Once you reach the line containing "2021中国煤炭企业50强和煤炭产量千万吨以上企业名单发布" in the entries below, write out that line and each one after it down to the line containing "通過切換閥體上的A、B控制氣", exactly and with nothing added.

(Items from a data source)
____________
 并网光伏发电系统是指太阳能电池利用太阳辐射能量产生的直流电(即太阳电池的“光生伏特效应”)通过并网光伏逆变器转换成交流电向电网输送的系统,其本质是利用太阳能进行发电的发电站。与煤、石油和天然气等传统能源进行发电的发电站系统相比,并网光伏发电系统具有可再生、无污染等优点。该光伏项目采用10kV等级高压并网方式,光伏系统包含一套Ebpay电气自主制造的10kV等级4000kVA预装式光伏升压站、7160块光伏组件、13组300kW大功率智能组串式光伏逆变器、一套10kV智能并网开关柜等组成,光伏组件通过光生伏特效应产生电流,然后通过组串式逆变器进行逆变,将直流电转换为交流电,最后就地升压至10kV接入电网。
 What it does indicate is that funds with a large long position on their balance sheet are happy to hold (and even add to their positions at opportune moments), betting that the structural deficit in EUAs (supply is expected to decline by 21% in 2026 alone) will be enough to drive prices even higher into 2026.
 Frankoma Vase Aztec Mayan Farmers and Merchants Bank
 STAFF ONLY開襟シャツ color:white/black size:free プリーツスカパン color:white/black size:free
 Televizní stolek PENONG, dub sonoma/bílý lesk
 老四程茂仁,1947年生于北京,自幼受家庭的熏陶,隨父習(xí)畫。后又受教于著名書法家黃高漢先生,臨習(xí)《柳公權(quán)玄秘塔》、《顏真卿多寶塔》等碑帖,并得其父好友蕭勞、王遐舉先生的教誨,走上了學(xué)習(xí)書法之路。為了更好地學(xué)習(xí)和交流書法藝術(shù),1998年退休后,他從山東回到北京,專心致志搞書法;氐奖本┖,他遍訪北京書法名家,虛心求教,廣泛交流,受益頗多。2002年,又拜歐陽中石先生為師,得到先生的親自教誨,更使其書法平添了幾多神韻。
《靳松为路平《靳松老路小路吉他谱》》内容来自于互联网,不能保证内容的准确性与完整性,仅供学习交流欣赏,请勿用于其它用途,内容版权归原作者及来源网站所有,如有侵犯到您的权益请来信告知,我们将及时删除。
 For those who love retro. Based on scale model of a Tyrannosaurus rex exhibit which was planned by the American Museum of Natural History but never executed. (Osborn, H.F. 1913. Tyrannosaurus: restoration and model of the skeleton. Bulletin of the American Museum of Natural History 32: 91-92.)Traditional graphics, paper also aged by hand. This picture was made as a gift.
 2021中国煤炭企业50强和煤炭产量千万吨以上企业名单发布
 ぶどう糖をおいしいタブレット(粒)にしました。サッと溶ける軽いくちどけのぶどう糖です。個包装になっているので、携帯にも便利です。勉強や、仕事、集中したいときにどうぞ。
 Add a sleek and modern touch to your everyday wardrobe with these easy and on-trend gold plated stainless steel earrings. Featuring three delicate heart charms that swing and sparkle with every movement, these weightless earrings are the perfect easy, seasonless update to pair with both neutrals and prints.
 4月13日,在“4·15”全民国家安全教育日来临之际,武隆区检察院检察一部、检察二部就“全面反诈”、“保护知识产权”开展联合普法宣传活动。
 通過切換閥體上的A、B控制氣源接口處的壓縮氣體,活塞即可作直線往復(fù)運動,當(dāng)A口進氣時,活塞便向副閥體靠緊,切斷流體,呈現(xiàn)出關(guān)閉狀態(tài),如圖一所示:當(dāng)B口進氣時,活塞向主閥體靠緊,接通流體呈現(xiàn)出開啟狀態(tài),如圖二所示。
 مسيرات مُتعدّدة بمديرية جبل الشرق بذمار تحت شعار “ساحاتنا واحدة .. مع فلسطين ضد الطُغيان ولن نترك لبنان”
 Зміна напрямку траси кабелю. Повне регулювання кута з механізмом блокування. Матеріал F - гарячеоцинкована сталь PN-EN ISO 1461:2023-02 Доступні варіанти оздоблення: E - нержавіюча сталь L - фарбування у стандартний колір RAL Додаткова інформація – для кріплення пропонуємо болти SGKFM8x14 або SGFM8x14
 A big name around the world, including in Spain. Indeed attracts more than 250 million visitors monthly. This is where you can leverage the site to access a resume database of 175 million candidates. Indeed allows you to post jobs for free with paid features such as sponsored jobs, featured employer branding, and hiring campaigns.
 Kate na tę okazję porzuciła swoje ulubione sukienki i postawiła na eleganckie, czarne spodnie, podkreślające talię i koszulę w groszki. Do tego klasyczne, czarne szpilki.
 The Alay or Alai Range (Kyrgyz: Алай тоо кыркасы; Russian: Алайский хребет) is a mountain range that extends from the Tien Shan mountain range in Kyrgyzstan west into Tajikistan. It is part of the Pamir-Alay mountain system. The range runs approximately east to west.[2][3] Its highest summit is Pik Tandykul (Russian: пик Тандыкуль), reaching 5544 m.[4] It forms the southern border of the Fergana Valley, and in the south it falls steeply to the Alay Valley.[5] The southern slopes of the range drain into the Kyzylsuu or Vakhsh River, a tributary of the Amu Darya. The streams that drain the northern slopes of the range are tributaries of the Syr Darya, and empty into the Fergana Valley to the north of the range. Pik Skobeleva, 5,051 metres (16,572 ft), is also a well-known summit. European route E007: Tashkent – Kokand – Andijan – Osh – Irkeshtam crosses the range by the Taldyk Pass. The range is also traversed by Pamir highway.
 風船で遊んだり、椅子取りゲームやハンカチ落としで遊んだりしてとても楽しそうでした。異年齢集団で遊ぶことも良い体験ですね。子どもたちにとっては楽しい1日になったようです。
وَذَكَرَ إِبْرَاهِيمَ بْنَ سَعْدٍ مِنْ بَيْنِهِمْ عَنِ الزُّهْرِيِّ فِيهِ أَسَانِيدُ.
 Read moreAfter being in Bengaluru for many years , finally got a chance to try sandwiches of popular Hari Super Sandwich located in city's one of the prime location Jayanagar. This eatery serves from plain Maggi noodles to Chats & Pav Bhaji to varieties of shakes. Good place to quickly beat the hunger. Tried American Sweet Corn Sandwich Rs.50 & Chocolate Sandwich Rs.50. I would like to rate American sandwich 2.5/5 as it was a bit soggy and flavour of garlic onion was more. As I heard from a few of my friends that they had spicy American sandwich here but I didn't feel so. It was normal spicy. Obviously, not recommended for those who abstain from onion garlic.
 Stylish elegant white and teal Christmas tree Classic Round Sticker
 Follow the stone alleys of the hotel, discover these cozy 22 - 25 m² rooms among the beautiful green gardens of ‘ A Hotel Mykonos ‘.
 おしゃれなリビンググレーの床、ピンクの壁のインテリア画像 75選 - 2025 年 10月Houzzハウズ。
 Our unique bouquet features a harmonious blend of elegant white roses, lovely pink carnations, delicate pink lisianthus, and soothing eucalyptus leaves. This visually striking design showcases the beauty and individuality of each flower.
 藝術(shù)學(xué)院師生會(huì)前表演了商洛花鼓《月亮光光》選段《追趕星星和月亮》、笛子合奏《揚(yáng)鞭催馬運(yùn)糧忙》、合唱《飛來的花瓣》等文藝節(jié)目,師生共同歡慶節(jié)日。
____________
_Exercise response_:
 2021中国煤炭企业50强和煤炭产量千万吨以上企业名单发布
 ぶどう糖をおいしいタブレット(粒)にしました。サッと溶ける軽いくちどけのぶどう糖です。個包装になっているので、携帯にも便利です。勉強や、仕事、集中したいときにどうぞ。
 Add a sleek and modern touch to your everyday wardrobe with these easy and on-trend gold plated stainless steel earrings. Featuring three delicate heart charms that swing and sparkle with every movement, these weightless earrings are the perfect easy, seasonless update to pair with both neutrals and prints.
 4月13日,在“4·15”全民国家安全教育日来临之际,武隆区检察院检察一部、检察二部就“全面反诈”、“保护知识产权”开展联合普法宣传活动。
 通過切換閥體上的A、B控制氣源接口處的壓縮氣體,活塞即可作直線往復(fù)運動,當(dāng)A口進氣時,活塞便向副閥體靠緊,切斷流體,呈現(xiàn)出關(guān)閉狀態(tài),如圖一所示:當(dāng)B口進氣時,活塞向主閥體靠緊,接通流體呈現(xiàn)出開啟狀態(tài),如圖二所示。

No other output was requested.